» WORK REQUEST
Every line of the listing below from the one with "近日,石景山区政府网站发布了" up to and including the one with "Nous avons marqué" should be retyped exactly, and nothing else; pictures are not part of the copy.
Start of DATA FOR THE TASK
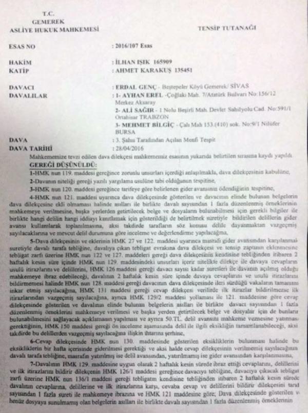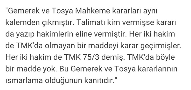 "Gemerek ve Tosya Mahkeme kararları aynı kalemden çıkmıştır. Talimatı kim vermişse kararı da yazıp hakimlerin eline vermiştir. Her iki hakim de TMK'da olmayan bir maddeyi karar geçirmişler. Her iki hakim de TMK 75/3 demiş. TMK'da böyle bir madde yok. Bu Gemerek ve Tosya kararlarının ısmarlama olduğunun kanıtıdır."
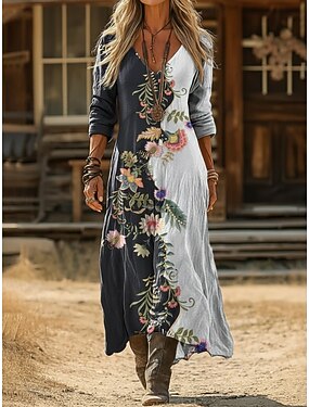 kvinnors boho klänning blommig v-ringad maxi klänning vintage klänning tryck klänning mode modern sommar våren
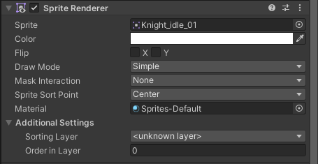 Sprite, Color , Filp , DrawMode , MaskInteraction, Sprite Sort Point,
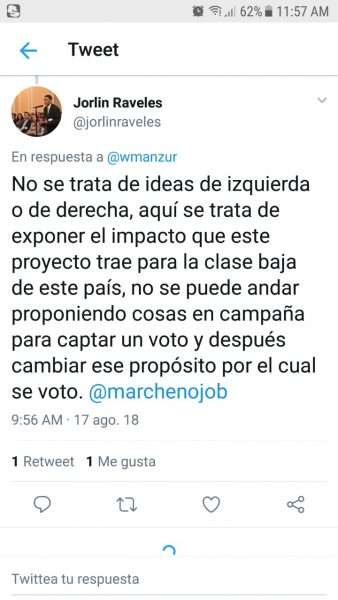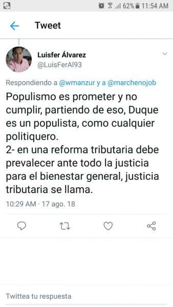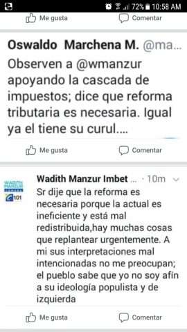 El rifi rafe en los trinos continuó y en la oportunidad muchos opinaron y le cuestionaron la actitud al hijo del exsenador, procesado por parapolítica, Julio Manzur, haciéndole ver su error ya que «en una Reforma tributaria no hay ni izquierda ni derecha». También le recordaron que» populismo es prometer y no cumplir como cualquier politiquero».
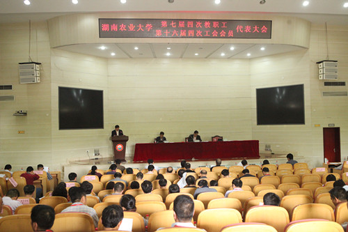 本网讯(校工会 梁洁)4月15日下午,湖南农业大学第七届四次教代会暨第十六届四次工代会在图书馆大成厅隆重举行。大会由校党委副书记、校工会主席卢向阳主持。180多名正式代表和特邀列席代表出席了会议。与会代表认真听取了校长符少辉所作的《学校工作报告》、副校长陈岳堂所作的《学校财务工作报告》以及校工会的《学校提案工作报告》和《学校工会工作报告》。校党委书记周清明就《湖南农业大学“十三五”发展规划》(审议稿)编制过程和基本框架向大会进行了说明。
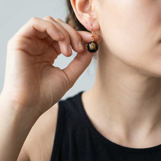 Gold Protection Symbols on Black Agate 10mm Smooth Round Bead - 7.25" Strand (GEM2459)
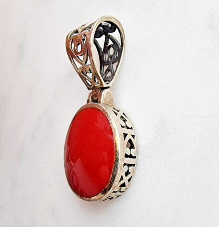 SILPADA 925 STERLING SILVER RED 17x15 mm OVAL JASPER FILIGREE DANGLE PENDANT
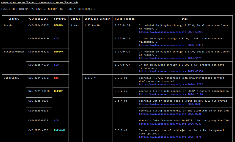Обратите внимание, что файл конфигурации trivy-default.yaml может быть использован только с той командой сканирования, для которой он сгенерирован.
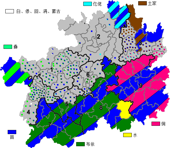 민족 구성 | 한족 - 62% 먀오족 - 12% 부이족 - 8% 둥족 - 5% 투자족 - 4% 이족 - 2% 미확인 민족 - 2% 거라오족 - 2% 수이족 - 1% |
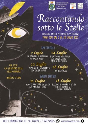 La rassegna, prima e a tutt’oggi unica nella provincia BAT, è un appuntamento importante, che da quindici anni educa i più piccoli alla fruizione del teatro, ma rappresenta anche un prezioso punto di riferimento dal punto di vista sociale, perché offre un’opportunità di condivisione tra adulti e bambini, fondata su un progetto artistico e culturale d’eccellenza. La caratteristica principale che contraddistingue “Raccontando sotto le stelle” risiede in una ricca programmazione, in cui si alternano in modo equilibrato sia spettacoli di teatro d’attore che spettacoli di teatro di figura (burattini, teatro d’ombre, teatro di carta e teatro d’oggetti), offrendo molteplici stimoli narrativi e visivi, capaci di accontentare target e gusti diversi e di rivestire un compito insostituibile nella formazione di spettatori preparati, consapevoli, che costituiranno il pubblico adulto di domani.
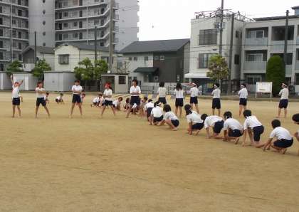 3時間目からは、運動場の水がうまくはけ運動場での練習ができました。
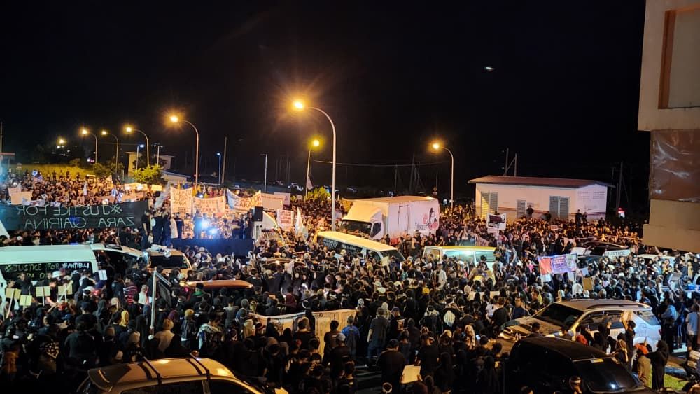 随后,人群齐声高喊:“Justice For Zara”,口号声此起彼落,在游客聚集的加雅街袖珍公园广场久久回荡。
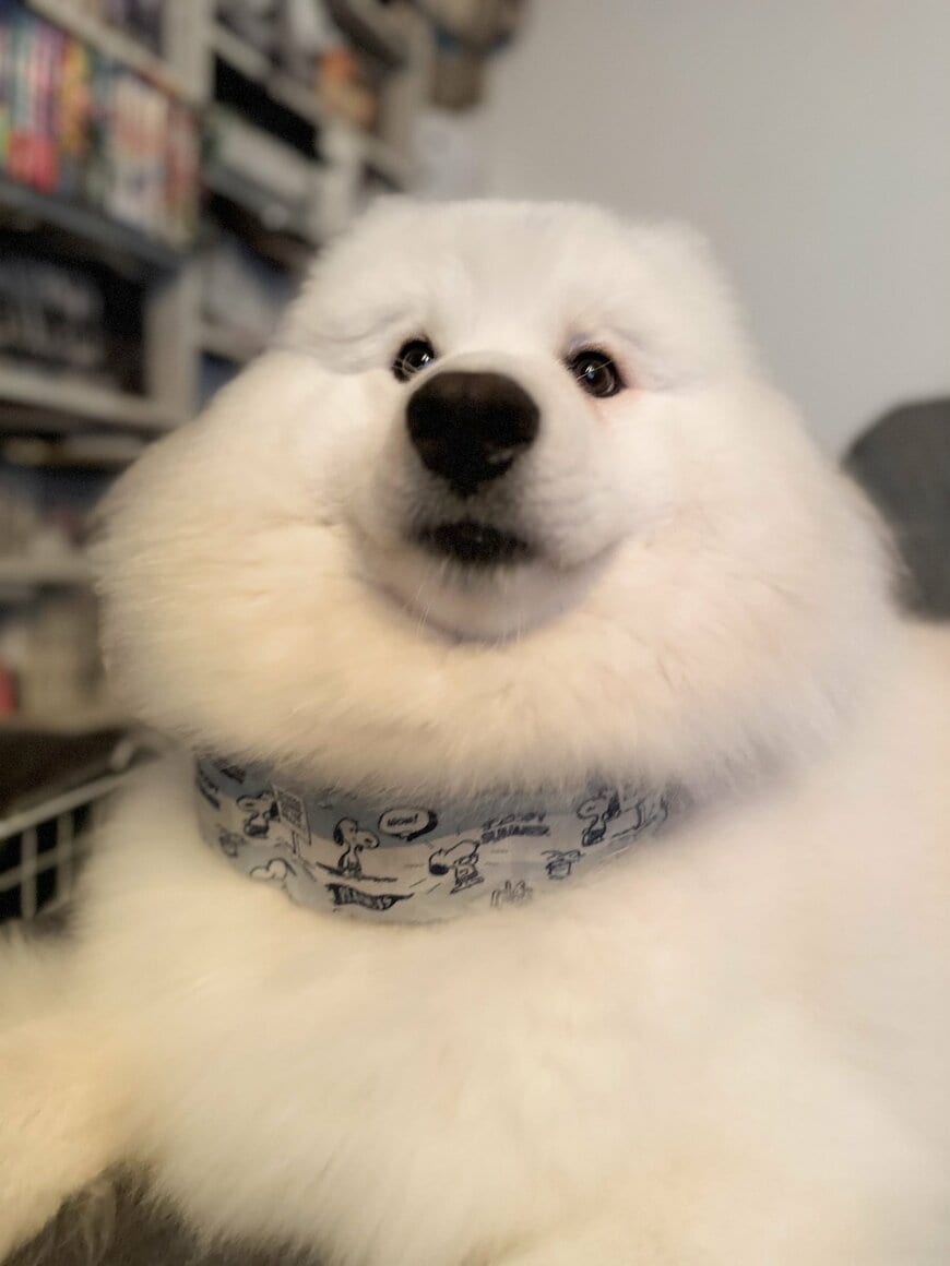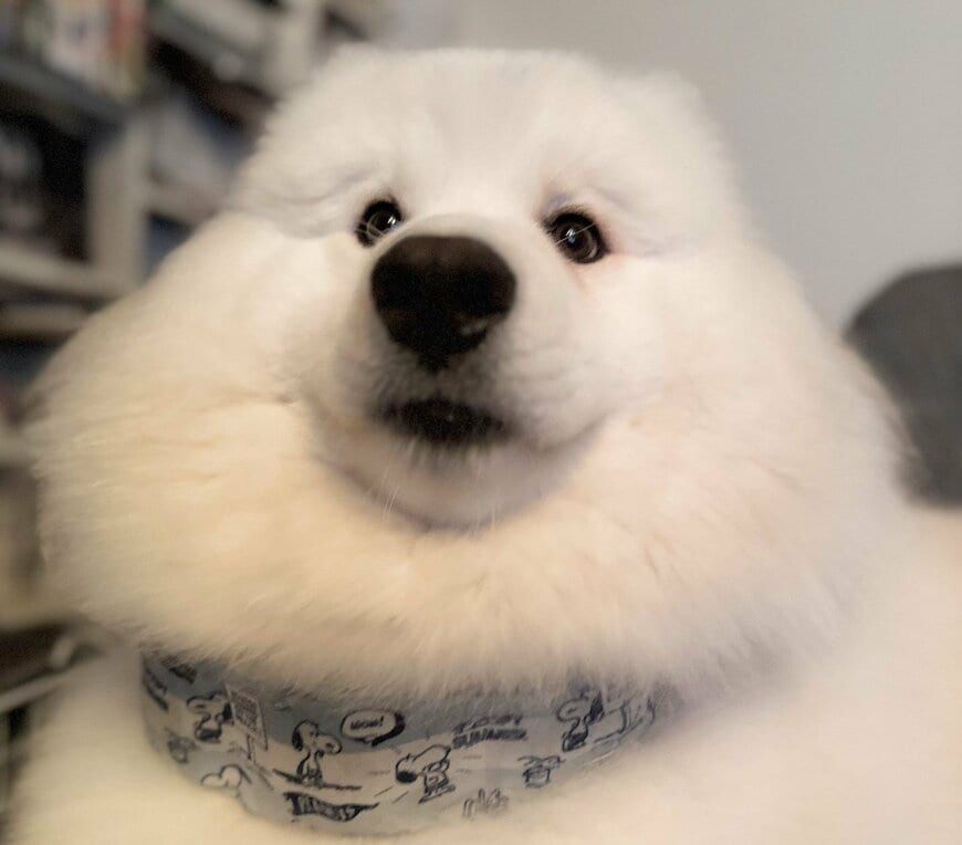 注目を浴びているのは、サモエド犬の「ソラン」くん。綿雲のようにふわふわとした毛並みがチャーミングな男の子です。
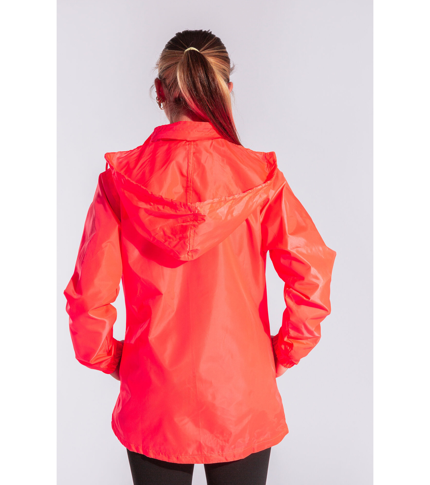 Damska wiatrówka z kapturem, zapinanym na zamek kołnierzem i bocznymi kieszeniami zapinanymi na zamek. Odporna na wiatr i lekki deszcz. Klasyczny krój.
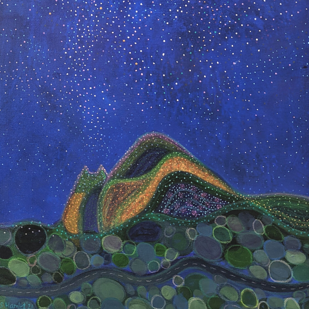 This mixed media painting is inspired by a curiously shaped mountain on the Warwick/Brisbane drive. We all seem to have different names for it - mouse mountain, cat mountain, rabbit mountain, possum mountain and there are many more. Its real name is Mount Greville. We often do that journey at night and I think of it as an animal tucked in for the evening, slumbering contentedly under the stars.
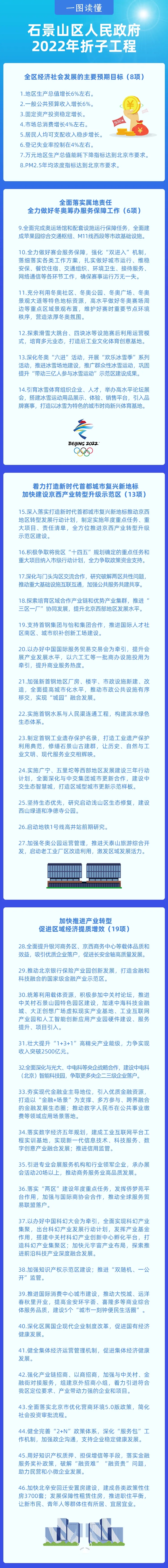 近日,石景山区政府网站发布了《北京市石景山区人民政府关于印发2022年折子工程的通知》,包括九个方面121项具体任务。
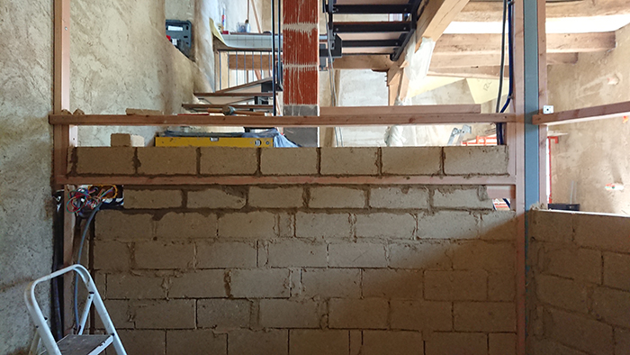 Nous avons marqué l’emplacement des éléments, ce qui m’a permis de tirer les câbles pour l’élec. Nous créerons plus tard un caisson dans lequel sera rangée la VMC et le boitier de terre.
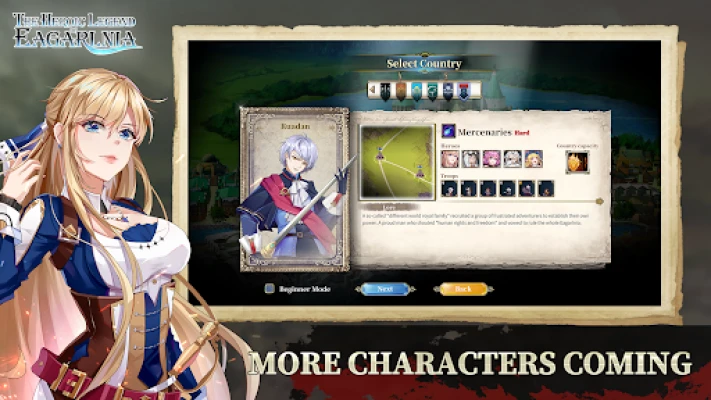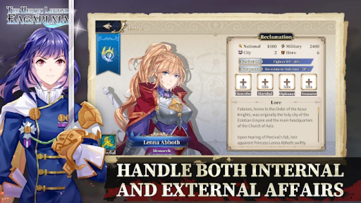 Zaronite duboko u svet u kojem svako biće ima svoju priču, a nekadašnji rivali mogu postati saveznici. Postepeno ćete otkrivati skrivene veze među više od 350 heroja, od kojih su neki mudri, drugi hrabri, a neki lukavi i prepredeni. Od samog početka igre, Eagarlnia vam omogućava potpunu personalizaciju: podesite početne uslove svoje nacije, upravljanje resursima i ponašanje veštačke inteligencije. Vrbujte ove raznolike heroje putem poseta, lobiranja ili čak zarobljavanja, strateški ih koristeći za jačanje svoje vladavine. Neki od njih kriju i posebne artefakte, čekajući da budu otkriveni kroz specifične misije.
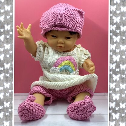 Rainbow Susie loves wearing her rainbow outfit, it makes her smile and feel happy. The pattern is knitted flat and includes dress, knickers,shoes and hat with easy instructions for the rainbow embroidery. Knitted in pink and white 8 ply cotton. Works well with Paintbox yarns.
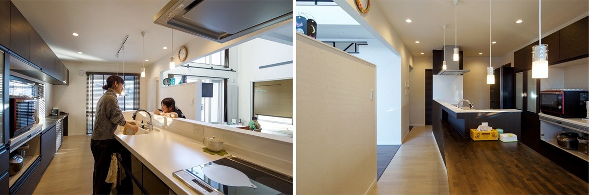 また、「男子厨房に入らず」と言われた時代ははるか昔のこと。共働きファミリーが増え、料理が得意な男性も多い時代です。夫婦で並んで、食育もかねてお子さんと一緒に、或いはお友達とパーティをしながら料理を楽しむなど、キッチンを中心にしたプランニングも人気です。
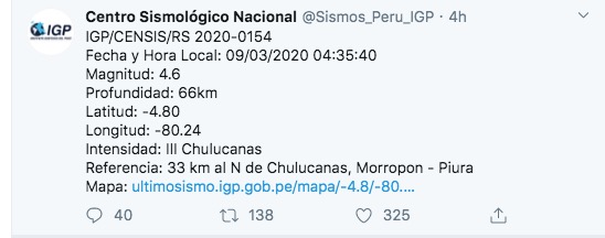 Un sismo de 4.6 grados en la escala de Richter se registró en la frontera entre Ecuador y Perú la madrugada del lunes 9 de marzo del 2020. Según el Centro Sismológico de Perú, el epicentro se localizó a 33 km al norte de Chulucanas, Morropon en Piura. Usuarios de redes sociales reportaron que el sismo también se sintió en las provincias ecuatorianas de El Oro, Loja y Zamora.
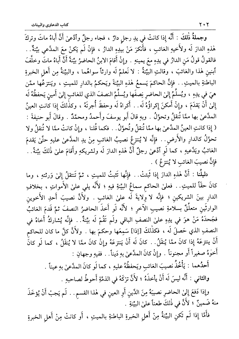 وجملة ذلك: أنه إذا كانت في يد رجل دار، فجاء رجل وادعى أن أباه مات وترك هذه الدار له ولأخيه الغائب، فأنكر من بيده الدار، فإن لم يكن مع المدعي بينة.. فالقول قول من الدار في يده مع يمينه. وإن أقام الابن الحاضر بينة أن أباه مات وخلف ابنين هذا والغائب، وقالت البينة: لا نعلم له وارثا سواهما، والبينة من أهل الخبرة الباطنة بالميت.. فإن الحاكم يسمع هذه البينة ويحكم بالدار للميت، وينتزعها ممن هي في يده، ويسلم إلى الحاضر نصفها ويسلم النصف الذي للغائب إلى أمين يحفظه له إلى أن يقدم، وإن أمكن إكراؤه له.. أكراه له وحفظ أجرته، وكذلك إذا كانت العين المدعى بها مما تنقل وتحول.. وبه قال أبو يوسف وأحمد ومحمد. وقال أبو حنيفة: (إذا كانت العين المدعى بها مما تنقل وتحول.. فكما قلنا، وإن كانت مما لا تنقل ولا تحول كالدار والأرض.. فإنه لا ينتزع نصيب الغائب من يد المدعى عليه حتى يقدم الغائب ويدعيه، كما لو ادعى رجل أن هذه الدار له ولشريكه وأقام على ذلك بينة.. فإن نصيب الغائب لا ينتزع) .
End of DATA FOR THE TASK
» EXERCISE RESULT
 近日,石景山区政府网站发布了《北京市石景山区人民政府关于印发2022年折子工程的通知》,包括九个方面121项具体任务。
 Nous avons marqué l’emplacement des éléments, ce qui m’a permis de tirer les câbles pour l’élec. Nous créerons plus tard un caisson dans lequel sera rangée la VMC et le boitier de terre.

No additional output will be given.